Contacts: | ||||
URS Corporation | Sard Verbinnen & Co | |||
Sam Ramraj | Hugh Burns/Jamie Tully/Jane Simmons | |||
Vice President, Investor Relations | (212) 687-8080 | |||
(415) 774-2700 |
URS CORPORATION REPORTS FIRST QUARTER 2009 RESULTS
URS Net Income Up 53% on Revenue Increase of 12% from the First Quarter of 2008
Company Confirms Full Year EPS Guidance
SAN FRANCISCO, CA – May 13, 2009 – URS Corporation (NYSE: URS) today reported its financial results for the first quarter of fiscal 2009, which ended on April 3, 2009. Revenues for the quarter were $2.52 billion, an 11.6% increase from the $2.26 billion recorded during the first quarter of 2008. URS net income was $75.5 million, a 52.8% increase from the $49.4 million reported in the year-ago period, and fully diluted earnings per share (“EPS”) was $0.92, 55.9% higher than the $0.59 reported for the first quarter of 2008.

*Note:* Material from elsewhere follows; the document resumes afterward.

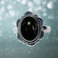 Oval cut Black Onyx cabochon boho flower design sterling silver ring ~ size 7,8,9

The Company’s backlog was $19.6 billion at the end of the quarter, compared to $17.2 billion as of January 2, 2009, the last day of the Company’s 2008 fiscal year. The Company ended the quarter with a book of business of $31.7 billion, compared with $29.1 billion at the end of fiscal 2008. Effective with the first quarter of 2009, the Company no longer includes designations within its book of business.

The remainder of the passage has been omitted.